After the group’s split, Michelle released a 1977 solo album called Victim of Romance, though she was always aware her vocals were not as strong as Cass Elliot’s, so she shifted paths to acting, having dabbled in it while still with the group. She went on to star in such films as The Last Movie, Valentino, Dillinger, American Anthem, and Let It Ride, and her string of work on television includes roles on Star Trek: The Next Generation, Hotel, Knots Landing, and Beverly Hills, 90210.

In 1986, the same year her ex-husband John released his revealing memoir, Michelle released hers: California Dreamin. One LA Times review likened reading both of them to “reading the transcripts in a divorce trial.”

There have been reports that Michelle is planning on making a biopic of the turbulent history of The Mamas & the Papas. “Now, mercifully, John is dead,” she told Rolling Stone in 2022. “So he can’t stand in the way of me doing it, and neither can Denny [Doherty]. Once you’ve taken the knife out of your heart, it makes for a wonderful story.”

Cass Elliot in The Mamas and The Papas

Cass Elliot
1960/1970 RB / Staff / Getty // Donaldson Collection / Contributor / Getty

That voice! Cass Elliot had been in a New York folk group called The Mugwumps with Denny Doherty before the two later teamed up with John and Michelle Phillips. Considered the strongest vocalist in The Mamas & the Papas, it’s no surprise that Mama Cass Elliot went on to enjoy success on her own after the group disintegrated. She released five solo albums between 1968 and 1973, with 1968’s Dream a Little Dream of Me being her most successful.

In 1969, she hosted The Mama Cass Television Program on ABC, which featured the Lovin’ Spoonful’s John Sebastian, Joni Mitchell, Mary Travers of Peter, Paul and Mary, and Sammy Davis Jr.

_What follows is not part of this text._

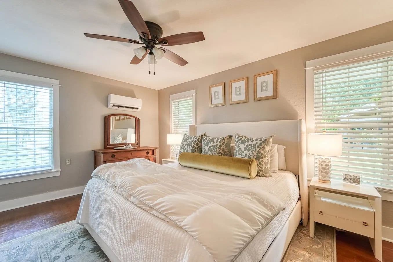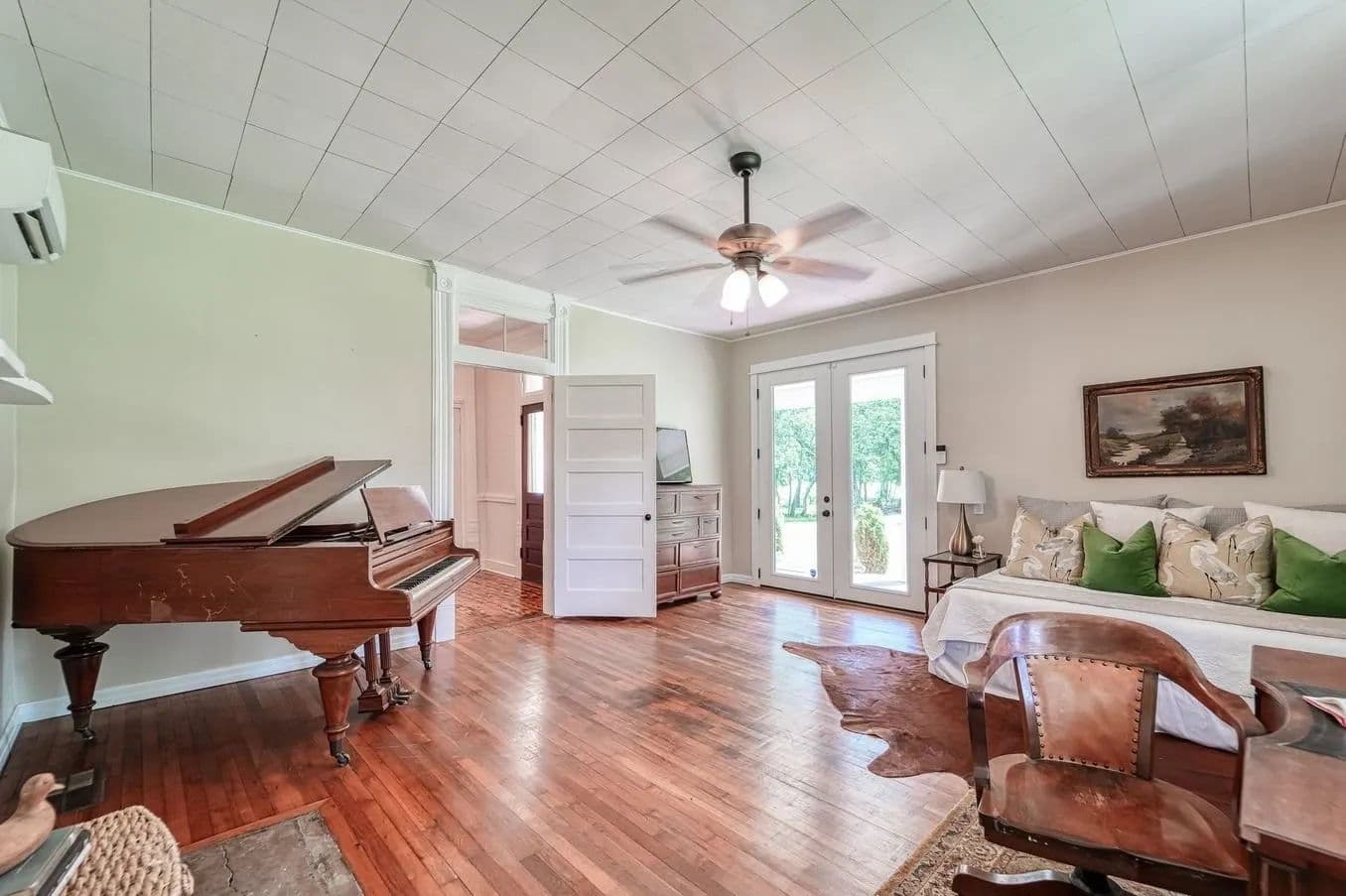 From the kitchen window, you’ll look out over a sunflower-covered dove field, rows of corn, the stocked pond, and pastureland that gently rolls toward Cypress Creek. The spring-fed pond is bordered by an 8± acre pasture on one side and a 3± acre dove field on the other, offering both beauty and function. A short walk out the back door leads you to a wooden footbridge that crosses a year-round spring that begins just behind the house—the original water source for the home. The spring flows through the property and eventually feeds into Cypress Creek. Across the bridge lies the pond where you can catch bass, brim, and crappie.

Then in 1973, she headlined TV’s Don’t Call Me Mama Anymore special, which shared a title with her final solo album. Guest stars on that program included Dick Van Dyke, Michelle Phillips, and Joel Grey. Also in 1973, she made an animated appearance on Scooby-Doo, which Warner Brothers home entertainment released on video in 2019.

Sadly, the talented vocalist died from heart failure at age 32 on July 29, 1974. Her only child, daughter Owen Vanessa Elliot, joined The Mamas & the Papas band members at the group’s 1988 Rock & Roll Hall of Fame induction in her mother’s honor.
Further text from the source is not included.